Dislocation - A total hip replacement is not as stable as a native hip and there is a risk of dislocation albeit small. The risk of dislocating the hip after surgery decreases with time for the first several months. During this time there will be certain movements and positions you will not be allowed to make. For example, a deep hip bend or crossing your legs. You will also be encouraged to not sit in a low chair because this position can risk a dislocation until the tissues are healed. The overall risk of dislocating your hip replacement is approximately 1-2%. Most often it can be popped back in without further issues. Occasionally if the hip dislocates more than once, another surgery is required to stabilize it.
Limp - With modern hip replacements it is unusual to have a permanent limp after surgery. It is common to limp for the first 2-4 months after surgery as the tissues heal. Rarely, the limp persists and can be permanent.
Leg length discrepancy - Your surgeon uses preoperative templating and intraoperative measurements to make sure your leg length is reproduced as accurately as possible. Sometimes, after surgery patients feel their legs are of different lengths. Usually this feeling gets better over time. A length different of up to 1 cm is normal but the difference is usually less than that. Sometimes during surgery the surgeon has to increase or decrease your leg length a bit to ensure adequate stability of your new hip. Less than 5% of patients have a leg length difference that bothers them enough that they require a shoe lift.

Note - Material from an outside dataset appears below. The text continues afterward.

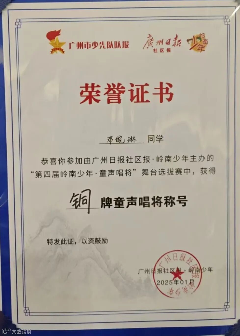 近日,中国船舶集团广州公司所属广船一幼萌娃邓皖琳小朋友,荣获广州日报社区报·岭南少年主办的“第四届岭南少年·童声唱将”舞台选拔赛幼儿组铜奖。
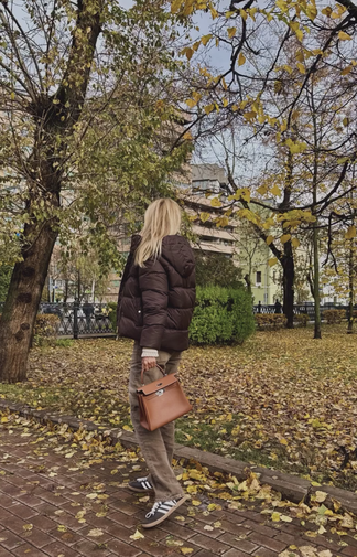 Виктория Лопырева была запечатлена в шоколадном пуховике, светлом свитере, коричневых вельветовых брюках и кроссовках. Модель дополнила свой образ кожаной сумкой Hermes Birkin коричневого цвета. Похожее изделие бежево-коричневого цвета на сайте люксовых товаров Farfetch стоит $43,848 (почти 3,5 миллиона рублей. — прим.ред.).

Loosening - The total hip replacement prosthesis has a limited lifespan. The surgeon generally expects the prosthesis to last 20 to greater than 25 years. However, there is no guarantee how long the prosthesis will last. Sometimes, the prosthesis will fail or loosen early so it is important to obtain periodic radiographs.

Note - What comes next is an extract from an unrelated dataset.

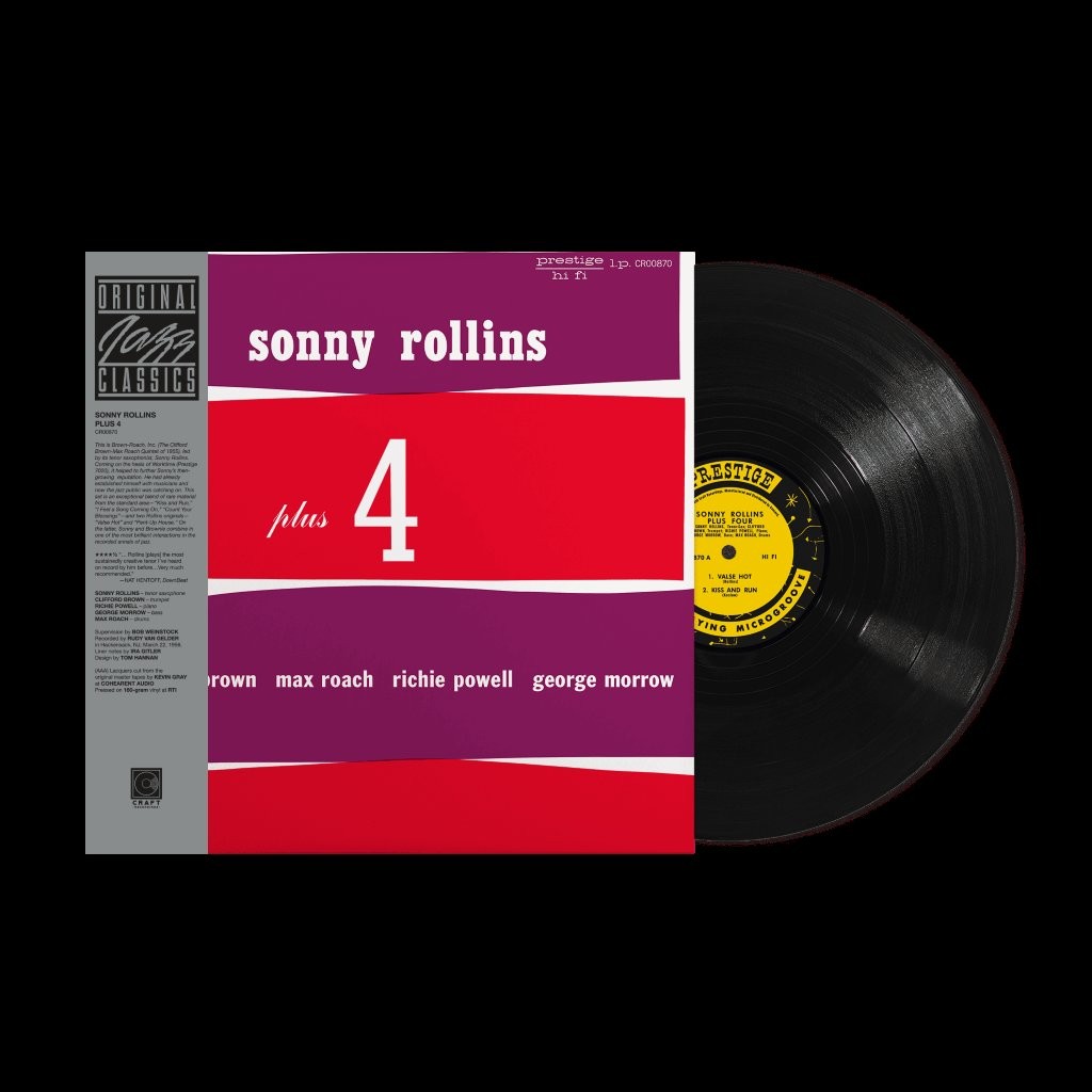 Plus 4 was originally released on Prestige in 1956 and features Sonny Rollins playing with the Cliff Brown/Max Roach Quintet. Described as a particularly strong hard bop set, the album contains 5 cuts, including 2 Rollins originals “Pent-Up House” and one of his best known pieces, “Valse Hot”.

Blood clots - Blood clots can occur after a total hip arthroplasty. They can be very serious, particularly if they travel to the lung (pulmonary embolism). The best way to prevent them is to move around as much as possible after surgery. You will also receive medications to help prevent blood clots. These medications can be injected daily and there are others that can be taken orally. After a hip replacement, you will likely receive medications to prevent blood clots for approximately two weeks after surgery.It is normal to experience swelling in the leg after surgery. This should gradually improve as time goes on. If the swelling seems excessive or continues to worsen after surgery, you should be investigated for the presence of a blood clot. An ultrasound of the limb is done to look for a blood clot.If you develop any chest pain or shortness of breath after surgery, this could be related to a blood clot that has gone to your lung. This constitutes an emergency and should be investigated right away. You should go to your local emergency department immediately if this occurs.
Chronic pain - The vast majority of patients improve drastically after surgery and are very happy with the results. Occasionally, the hip continues to hurt after surgery. This is very rare and can be caused by things like failure of the implants to heal to the body, a low grade infection, a metal allergy or other rare conditions. Sometimes, the pain cannot be explained even after investigation.